Collected data
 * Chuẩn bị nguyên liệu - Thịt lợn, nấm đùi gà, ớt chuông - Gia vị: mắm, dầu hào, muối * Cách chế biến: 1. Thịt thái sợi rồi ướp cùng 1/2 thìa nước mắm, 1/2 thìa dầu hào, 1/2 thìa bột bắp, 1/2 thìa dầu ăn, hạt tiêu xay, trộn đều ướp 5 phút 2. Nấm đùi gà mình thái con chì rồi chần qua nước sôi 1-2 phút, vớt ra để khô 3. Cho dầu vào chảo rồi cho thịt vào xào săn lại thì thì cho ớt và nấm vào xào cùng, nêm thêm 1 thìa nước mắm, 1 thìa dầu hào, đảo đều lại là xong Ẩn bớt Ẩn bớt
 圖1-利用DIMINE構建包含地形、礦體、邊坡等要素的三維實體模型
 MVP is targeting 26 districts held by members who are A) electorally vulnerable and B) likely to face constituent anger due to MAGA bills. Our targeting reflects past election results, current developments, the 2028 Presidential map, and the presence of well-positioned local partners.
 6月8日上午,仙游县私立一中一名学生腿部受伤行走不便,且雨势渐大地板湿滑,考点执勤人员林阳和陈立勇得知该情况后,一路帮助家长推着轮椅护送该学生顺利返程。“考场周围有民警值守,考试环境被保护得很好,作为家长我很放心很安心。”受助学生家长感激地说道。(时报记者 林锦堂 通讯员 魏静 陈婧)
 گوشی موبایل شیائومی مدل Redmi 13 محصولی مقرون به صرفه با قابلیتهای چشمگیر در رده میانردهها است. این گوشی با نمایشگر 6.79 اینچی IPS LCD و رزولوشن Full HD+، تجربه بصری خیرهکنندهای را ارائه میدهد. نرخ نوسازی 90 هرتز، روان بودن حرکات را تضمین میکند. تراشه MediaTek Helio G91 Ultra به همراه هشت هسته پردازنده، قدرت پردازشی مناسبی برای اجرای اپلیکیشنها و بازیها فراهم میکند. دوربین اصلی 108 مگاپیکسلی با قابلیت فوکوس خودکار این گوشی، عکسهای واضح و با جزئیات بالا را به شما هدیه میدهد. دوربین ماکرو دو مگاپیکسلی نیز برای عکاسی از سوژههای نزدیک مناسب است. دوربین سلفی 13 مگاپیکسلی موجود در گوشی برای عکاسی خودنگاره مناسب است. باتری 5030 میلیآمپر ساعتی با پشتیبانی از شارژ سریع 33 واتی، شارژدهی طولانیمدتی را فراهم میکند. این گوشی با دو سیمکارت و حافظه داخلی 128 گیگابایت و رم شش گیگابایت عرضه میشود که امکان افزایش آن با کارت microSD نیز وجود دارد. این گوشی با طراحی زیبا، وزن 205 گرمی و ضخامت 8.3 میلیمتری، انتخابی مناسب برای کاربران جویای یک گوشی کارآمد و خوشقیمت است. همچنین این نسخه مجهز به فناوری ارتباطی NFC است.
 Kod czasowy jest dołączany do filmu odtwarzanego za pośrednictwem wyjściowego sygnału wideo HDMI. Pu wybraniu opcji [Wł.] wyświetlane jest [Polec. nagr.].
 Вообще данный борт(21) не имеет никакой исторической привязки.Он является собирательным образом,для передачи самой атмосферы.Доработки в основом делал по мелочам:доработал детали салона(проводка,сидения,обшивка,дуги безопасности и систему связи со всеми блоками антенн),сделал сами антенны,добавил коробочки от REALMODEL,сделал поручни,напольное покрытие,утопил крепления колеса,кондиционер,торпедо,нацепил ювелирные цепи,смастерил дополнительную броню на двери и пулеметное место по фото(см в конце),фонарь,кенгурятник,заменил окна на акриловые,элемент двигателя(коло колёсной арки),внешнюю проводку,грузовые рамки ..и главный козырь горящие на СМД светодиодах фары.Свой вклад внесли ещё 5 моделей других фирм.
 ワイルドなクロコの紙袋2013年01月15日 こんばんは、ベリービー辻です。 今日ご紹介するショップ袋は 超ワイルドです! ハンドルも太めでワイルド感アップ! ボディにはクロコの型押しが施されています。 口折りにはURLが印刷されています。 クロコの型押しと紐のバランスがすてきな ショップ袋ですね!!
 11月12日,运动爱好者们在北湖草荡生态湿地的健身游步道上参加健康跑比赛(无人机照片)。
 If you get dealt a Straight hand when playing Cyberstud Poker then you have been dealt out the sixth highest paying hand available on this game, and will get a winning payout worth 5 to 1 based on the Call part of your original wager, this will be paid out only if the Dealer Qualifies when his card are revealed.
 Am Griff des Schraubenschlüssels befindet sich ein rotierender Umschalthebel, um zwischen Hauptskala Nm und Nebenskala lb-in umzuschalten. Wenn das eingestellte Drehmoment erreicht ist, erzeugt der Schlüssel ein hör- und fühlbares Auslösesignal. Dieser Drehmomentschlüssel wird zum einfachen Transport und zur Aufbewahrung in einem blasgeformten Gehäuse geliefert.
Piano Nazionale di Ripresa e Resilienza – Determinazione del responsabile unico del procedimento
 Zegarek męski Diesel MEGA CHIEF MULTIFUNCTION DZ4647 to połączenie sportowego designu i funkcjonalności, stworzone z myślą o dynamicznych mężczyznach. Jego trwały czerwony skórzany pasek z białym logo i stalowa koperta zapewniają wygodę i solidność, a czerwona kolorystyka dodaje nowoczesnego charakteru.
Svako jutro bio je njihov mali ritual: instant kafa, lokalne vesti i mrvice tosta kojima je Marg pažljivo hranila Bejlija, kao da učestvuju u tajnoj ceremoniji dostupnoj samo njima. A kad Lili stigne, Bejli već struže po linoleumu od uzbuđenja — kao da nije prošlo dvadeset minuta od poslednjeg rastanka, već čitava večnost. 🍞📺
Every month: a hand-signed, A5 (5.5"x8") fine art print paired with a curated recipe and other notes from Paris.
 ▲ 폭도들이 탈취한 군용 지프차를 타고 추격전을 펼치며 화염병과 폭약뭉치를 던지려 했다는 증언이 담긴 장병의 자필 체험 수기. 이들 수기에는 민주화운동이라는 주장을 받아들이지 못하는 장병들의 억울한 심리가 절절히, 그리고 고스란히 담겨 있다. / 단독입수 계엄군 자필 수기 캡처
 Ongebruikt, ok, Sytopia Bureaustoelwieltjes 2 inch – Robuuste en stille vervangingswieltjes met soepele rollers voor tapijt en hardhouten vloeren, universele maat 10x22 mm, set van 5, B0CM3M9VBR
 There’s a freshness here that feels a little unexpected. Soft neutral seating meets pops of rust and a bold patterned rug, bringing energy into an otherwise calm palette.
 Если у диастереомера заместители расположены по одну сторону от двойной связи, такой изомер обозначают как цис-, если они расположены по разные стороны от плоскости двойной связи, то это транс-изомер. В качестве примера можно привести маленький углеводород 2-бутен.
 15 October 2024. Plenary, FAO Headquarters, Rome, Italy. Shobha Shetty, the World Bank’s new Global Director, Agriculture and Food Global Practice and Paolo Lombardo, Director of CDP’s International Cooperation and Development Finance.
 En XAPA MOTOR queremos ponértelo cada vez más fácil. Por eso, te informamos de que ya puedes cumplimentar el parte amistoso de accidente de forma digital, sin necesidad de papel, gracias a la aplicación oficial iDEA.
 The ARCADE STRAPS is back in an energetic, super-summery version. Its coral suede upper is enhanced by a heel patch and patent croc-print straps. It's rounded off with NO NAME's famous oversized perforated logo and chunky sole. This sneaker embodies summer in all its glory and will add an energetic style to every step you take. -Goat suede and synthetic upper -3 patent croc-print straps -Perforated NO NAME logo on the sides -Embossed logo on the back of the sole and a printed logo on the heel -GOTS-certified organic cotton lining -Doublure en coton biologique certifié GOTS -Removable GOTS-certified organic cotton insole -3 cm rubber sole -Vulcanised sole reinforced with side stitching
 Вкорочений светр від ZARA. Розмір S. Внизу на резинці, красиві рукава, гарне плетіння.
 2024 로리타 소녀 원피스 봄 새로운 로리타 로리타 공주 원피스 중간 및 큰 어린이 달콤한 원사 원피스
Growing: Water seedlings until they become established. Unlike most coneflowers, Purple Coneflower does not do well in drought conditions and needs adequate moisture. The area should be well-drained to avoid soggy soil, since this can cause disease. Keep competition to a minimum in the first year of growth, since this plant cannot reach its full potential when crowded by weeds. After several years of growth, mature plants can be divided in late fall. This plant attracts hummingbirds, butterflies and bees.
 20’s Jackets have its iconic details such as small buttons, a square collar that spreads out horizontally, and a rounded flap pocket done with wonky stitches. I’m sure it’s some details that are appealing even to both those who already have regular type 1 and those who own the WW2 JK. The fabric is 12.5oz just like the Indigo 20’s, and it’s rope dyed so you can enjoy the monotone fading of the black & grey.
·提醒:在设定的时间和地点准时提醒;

_Activity_. What lines above hold the word "hand"? List them all.

_Output for this exercise_.
 If you get dealt a Straight hand when playing Cyberstud Poker then you have been dealt out the sixth highest paying hand available on this game, and will get a winning payout worth 5 to 1 based on the Call part of your original wager, this will be paid out only if the Dealer Qualifies when his card are revealed.
Every month: a hand-signed, A5 (5.5"x8") fine art print paired with a curated recipe and other notes from Paris.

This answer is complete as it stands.